Further, Ms Dowling argued the sentencing judge had unnecessarily and “unduly narrowed” the general deterrence.
“A police officer, using police weapons in such an egregious and outrageous way to kill a 95-year-old woman after having contact with her for two and a half minutes … general deterrence (is) extremely large in this matter,” Ms Dowling said.
She earlier claimed White was not confronted with an “exceptional circumstance”, as police are routinely involved in de-escalating situations like this everyday.
However White’s defence submissions argued it was “nonsense” to consider police in White’s position would be deterred from using a taser as a result of White’s sentence if they honestly, but unreasonably, perceived a threat.
“If the officer has an honest belief that is unreasonable, general deterrence has no role to play.”
Of his decision, Justice Ian Harrison said the incident fell in the lower end of objective seriousness for manslaughter and sending White to prison would be a “disproportionate” sentence.
Mrs Nowland’s family previously said they were “disappointed” with the decision not to detain White after he was found guilty of the manslaughter of their matriarch, with her eldest son, Michael, likening it to a “slap on the wrist for someone that’s killed our mother” in an emotional statement after the sentencing.

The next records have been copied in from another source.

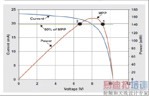 引言许多太阳能电池板供电型应用只需功率脉冲便可运行。我们需要频繁地开启数据收集或者测量采样系统,执行测量或者其他任务,发送经过处理或者测量的数据,然后再回到睡眠模式。在许多情况下,以无线方式发送这些数据消耗掉了大部分输出功率。如太阳能电池板等小功率电源,通常难以支持系统本身或者数据发送所需的这些功率脉冲。通过让太阳能电池板工作在最大功率点 (MPP),并且智能地从电池板获取功率,以实现对电能的管理,从而顺利地驱动脉冲负载。本文将为您介绍一种简单且高成本效益的最大功率点追踪 (MPPT) 解决方案,以供这类脉冲负载系统使用。 太阳能电池板特性在最大功率点工作时,太阳能电池板可提供峰值输出功率。最大功率点是一个与电池板最高可达输出功率相对应的电压和电流。在光照水平不断变化的情况下,最大功率点追踪方法对来自太阳能电池板的功率进行管理。太阳能电池板的一个特性是,电池板电压随电池板输出电流增加而下降。如果输出电流过高,则电池板电压崩溃,并且输出功率变得非常低。图 1 描述了特定太阳能电池板输出电流及输出功率与其输出电压之间的比较情况。最大功率点已被标示出来。图中,一条水平绿线条表明输出功率至少为 90% 最大功率点时的位置。该线条以上,在"点 1"和"点 2"之间时,电池板输出功率最大。 图 1 太阳能电池板最大功率点图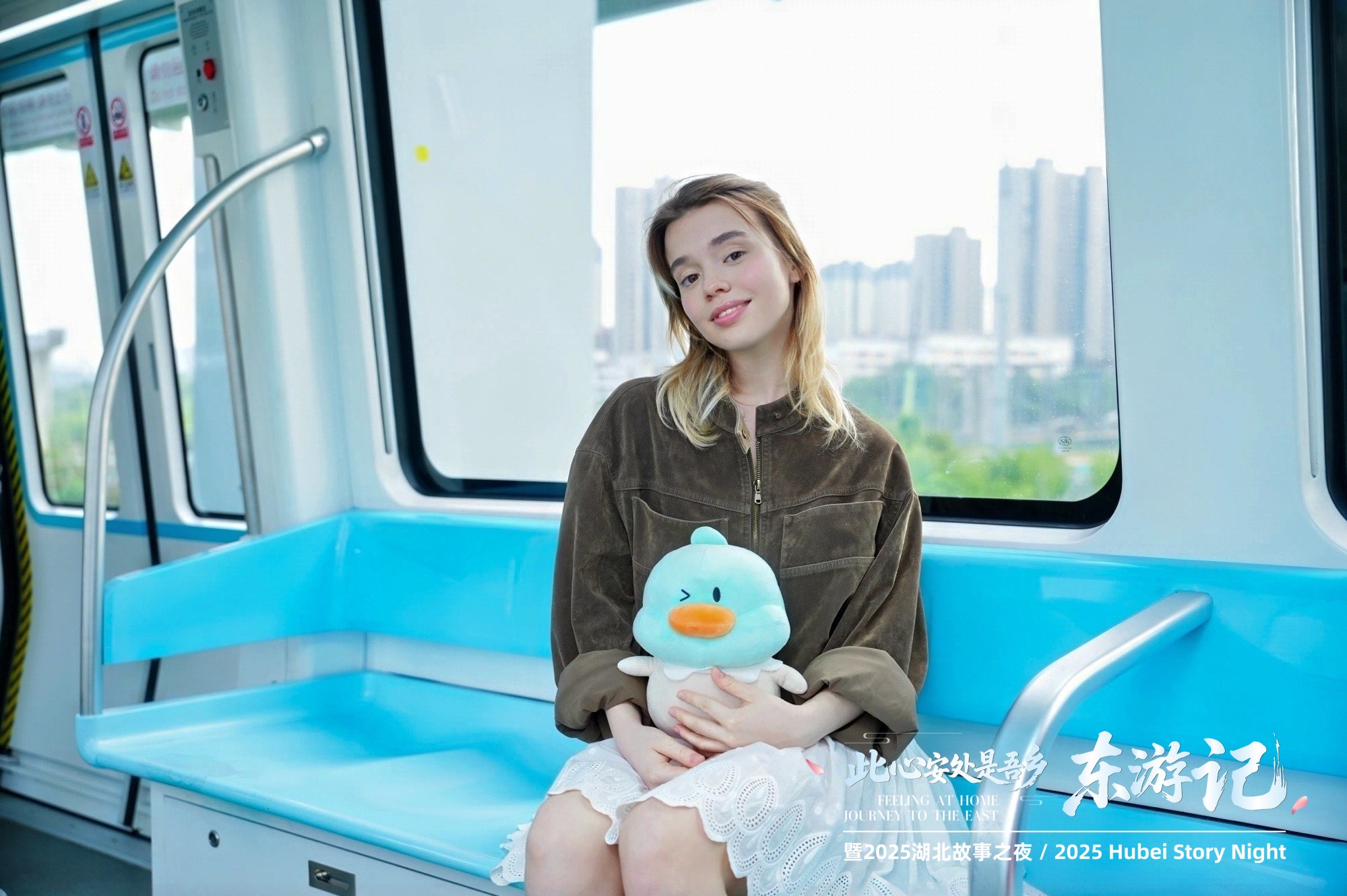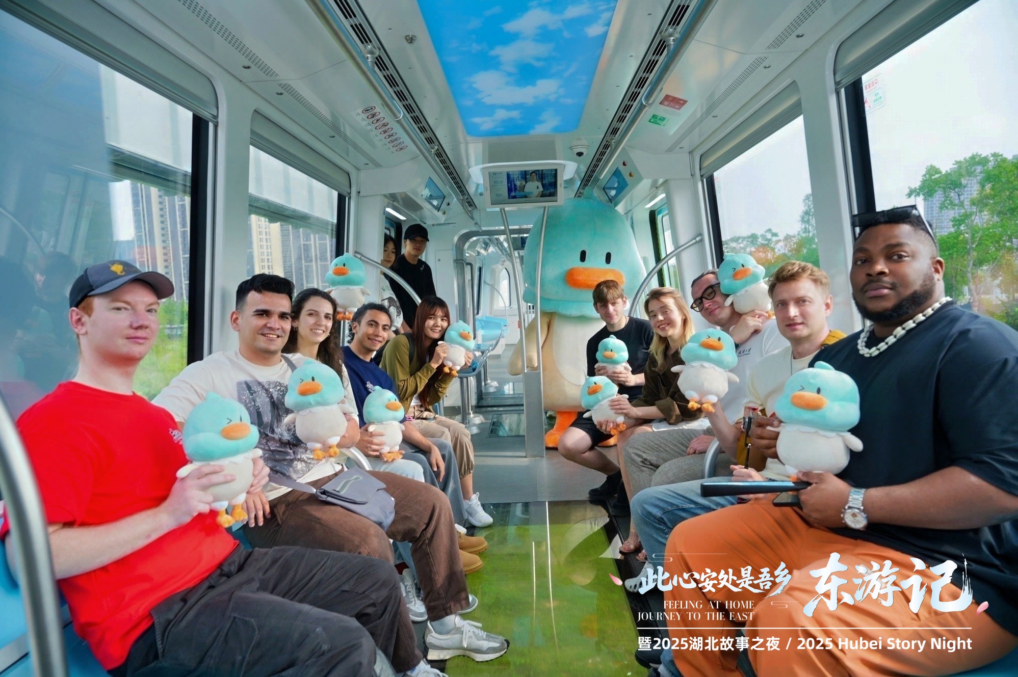 武汉新晋网红打卡地怎么少得了光谷空轨,在吉祥物青青鸭的带领下,体验官们踏上了空中交通之旅。270°全景视窗将城市天际线变成流动画卷,无人驾驶系统在空中穿行如科幻大片。这种新奇的乘车体验引得大家连连赞叹,俄罗斯留学生可欣兴奋的说,“我感觉自己飞起来了,像鸟一样飘在空中。”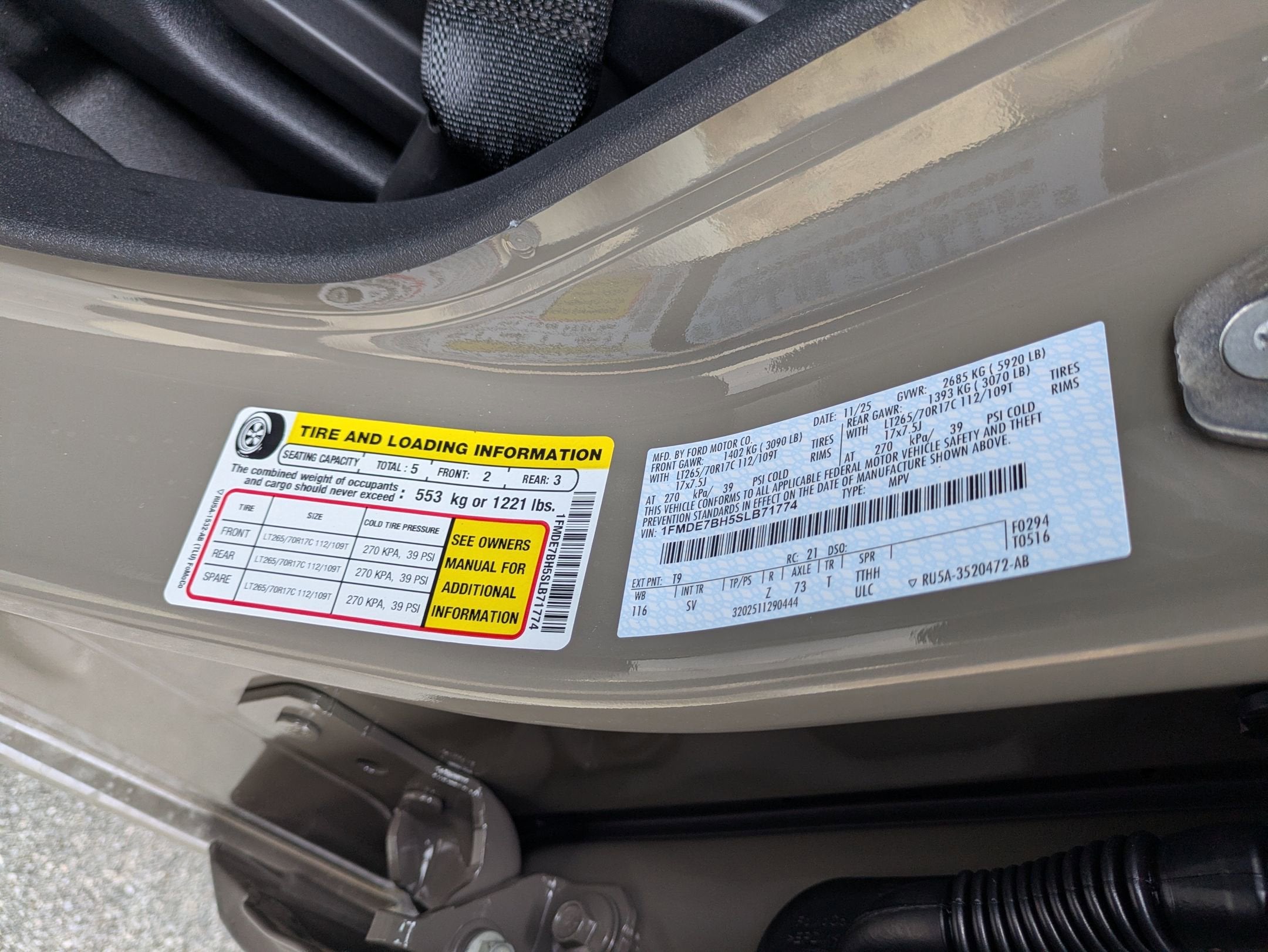 - Tires: P255/75R17 A/T -inc: full size spare tire w/TPMS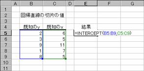 書式 INTERCEPT(既知のy, 既知のx)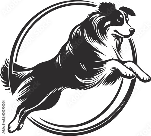 Obraz premium Australian Shepherd silhouette, illustration white background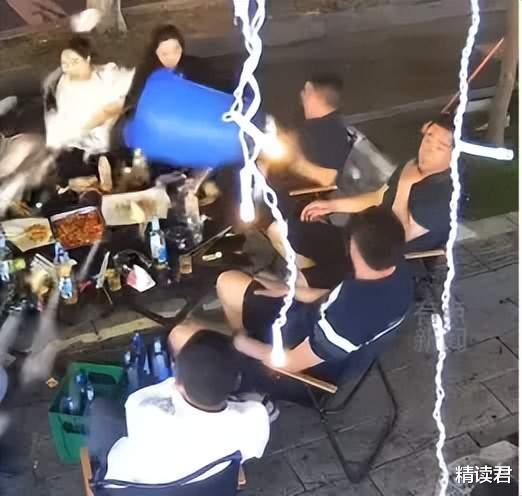 可能是没有成功卖出产品,男子觉得丢了面子,没过一会儿,他从另一个方向折返回来,举着装满垃圾的垃圾桶,毫不犹豫向食客这桌砸来。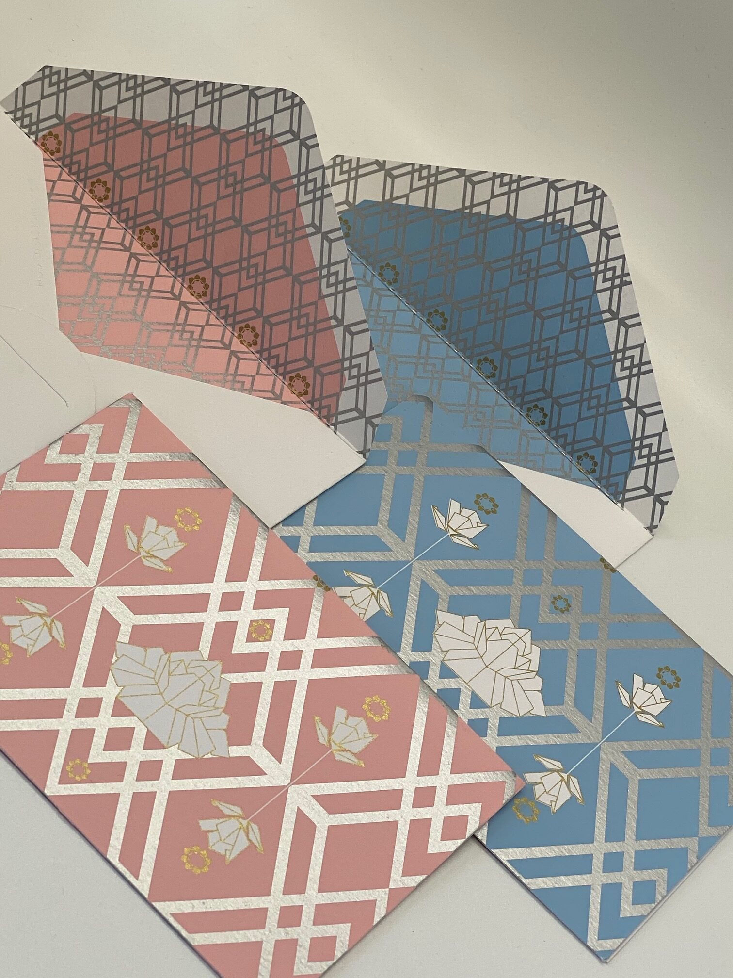 Floral Origami inspired notecard designs in soft pastel colours, that blend the elegance of folded forms with the softness of blooming petals.This design captures the delicate harmony of structure and nature, unfolding beauty in every intricate detail.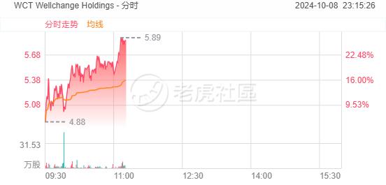本周二(10月8日),中概次新股惠程科技 Wellchange Holdings 逆市涨超25%,两日累涨超50%,截至发稿报5.89美元:

In a letter read to the court during his sentencing, White said he was “truly sorry” and took “full responsibility” for his actions.
“I deeply regret my actions and the severe consequences they have caused,” White said.
He said there “isn’t a single day” that goes by in which he didn’t think about the day of the incident.
“I have lost the job and career I enjoyed immensely and dedicated myself to for over a decade,” he said.
“Police face difficult situations and are required to use judgment and if they make mistakes, they are expected to answer them, which I believe I have.”
Mrs Nowland is survived by eight children, 24 grandchildren and 30 great-grandchildren.
White has not spent any time behind bars on remand since he was charged over the fatal confrontation.
He lost his job as a police officer when he was convicted.